Description of the task - The entries below are to be given back exactly, with images excluded.

Extracted data entries

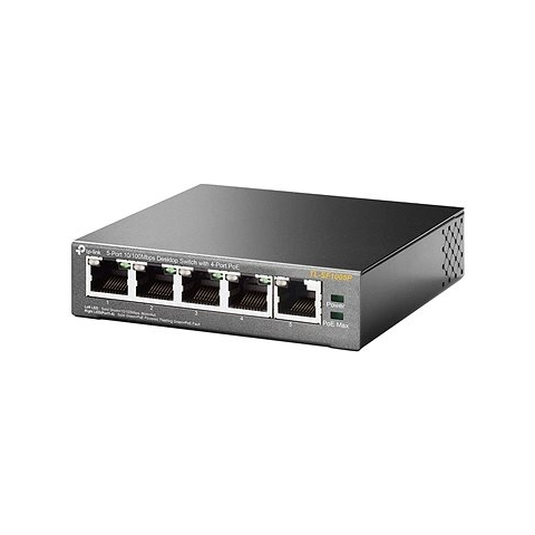 Switch otthoni használatra - desktop, unmanaged, 5× RJ-45, 5× 10/100Base-T, plug and play és PoE, priority mode, extended mode és PoE Auto recovery, 802,3af (PoE) és 802,3at (PoE+) támogatás, 4 PoE bemenet (PoE budget 67 W), 1 Gb/s váltókapacitás, 5 port 100 Mbit sebességgel, üzemi hőmérséklet 0 - 40 °C, mérete 98 × 99,8 × 25 mm (Ma×Sz×Mé) TP-Link TL-SF1005P switchEgyszerűen beállíthatóNégy port PoE-velKompatibilis az IEEE 802.3af protokollalTámogatja az IP-telefonok
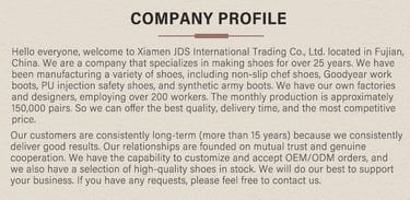 Offering tailored solutions for high-quality shoes with a focus on safety, durability, and comfort.
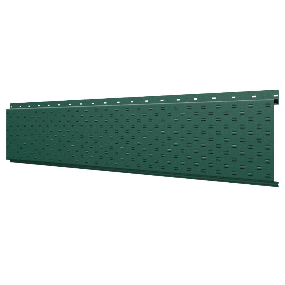 Линеарная потолочно-стеновая панель с ПЕРФОРАЦИЕЙ для вентиляции цвет RAL6005 Зеленый Мох Стальной Бархат применяется в качестве софитов для подшивы крыши, наружной и внутренней отделки потолков, стен, фронтонов фасада дома в Томске.
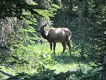 The elk, or wapiti (Cervus canadensis), is one of the largest species of deer in the world and one of the largest mammals in North America and eastern Asia. In the deer family (Cervidae), only the moose, Alces alces (called an "elk" in Europe), is larger; the sambar deer (Cervus unicolor) of Southern Asia, as well as the European red deer (Cervus elaphus) of Europe & Northern Africa, also rival C. canadensis in size. Elk range in forest and forest-edge habitat, feeding on grasses, plants, leaves, and bark.
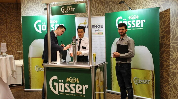 Die angehenden Restaurantfachfrauen und -männer hatten im vergangenen Jahr bei einem exklusiven Ausflug in die Brauerei Göss die Chance, Fachwissen und -können von den Experten der Brau Union Österreich zu lernen. Frei nach dem Motto „Nur Übung macht den Zapfmeister“ stellten die Lehrlinge bei der Vorrunde zum diesjährigen Wettkampf der Top-Lehrlinge im Austria Trend Hotel Hotel Savoyen Wien nun ihr Können unter Beweis: Mit großem Eifer wurden zahlreiche Gläser Gösser Märzen bei der Wettkampf-Station rund um „Das perfekt gezapfte Bier“ gezapft.

Written answer -
 Switch otthoni használatra - desktop, unmanaged, 5× RJ-45, 5× 10/100Base-T, plug and play és PoE, priority mode, extended mode és PoE Auto recovery, 802,3af (PoE) és 802,3at (PoE+) támogatás, 4 PoE bemenet (PoE budget 67 W), 1 Gb/s váltókapacitás, 5 port 100 Mbit sebességgel, üzemi hőmérséklet 0 - 40 °C, mérete 98 × 99,8 × 25 mm (Ma×Sz×Mé) TP-Link TL-SF1005P switchEgyszerűen beállíthatóNégy port PoE-velKompatibilis az IEEE 802.3af protokollalTámogatja az IP-telefonok
 Offering tailored solutions for high-quality shoes with a focus on safety, durability, and comfort.
 Линеарная потолочно-стеновая панель с ПЕРФОРАЦИЕЙ для вентиляции цвет RAL6005 Зеленый Мох Стальной Бархат применяется в качестве софитов для подшивы крыши, наружной и внутренней отделки потолков, стен, фронтонов фасада дома в Томске.
 The elk, or wapiti (Cervus canadensis), is one of the largest species of deer in the world and one of the largest mammals in North America and eastern Asia. In the deer family (Cervidae), only the moose, Alces alces (called an "elk" in Europe), is larger; the sambar deer (Cervus unicolor) of Southern Asia, as well as the European red deer (Cervus elaphus) of Europe & Northern Africa, also rival C. canadensis in size. Elk range in forest and forest-edge habitat, feeding on grasses, plants, leaves, and bark.
 Die angehenden Restaurantfachfrauen und -männer hatten im vergangenen Jahr bei einem exklusiven Ausflug in die Brauerei Göss die Chance, Fachwissen und -können von den Experten der Brau Union Österreich zu lernen. Frei nach dem Motto „Nur Übung macht den Zapfmeister“ stellten die Lehrlinge bei der Vorrunde zum diesjährigen Wettkampf der Top-Lehrlinge im Austria Trend Hotel Hotel Savoyen Wien nun ihr Können unter Beweis: Mit großem Eifer wurden zahlreiche Gläser Gösser Märzen bei der Wettkampf-Station rund um „Das perfekt gezapfte Bier“ gezapft.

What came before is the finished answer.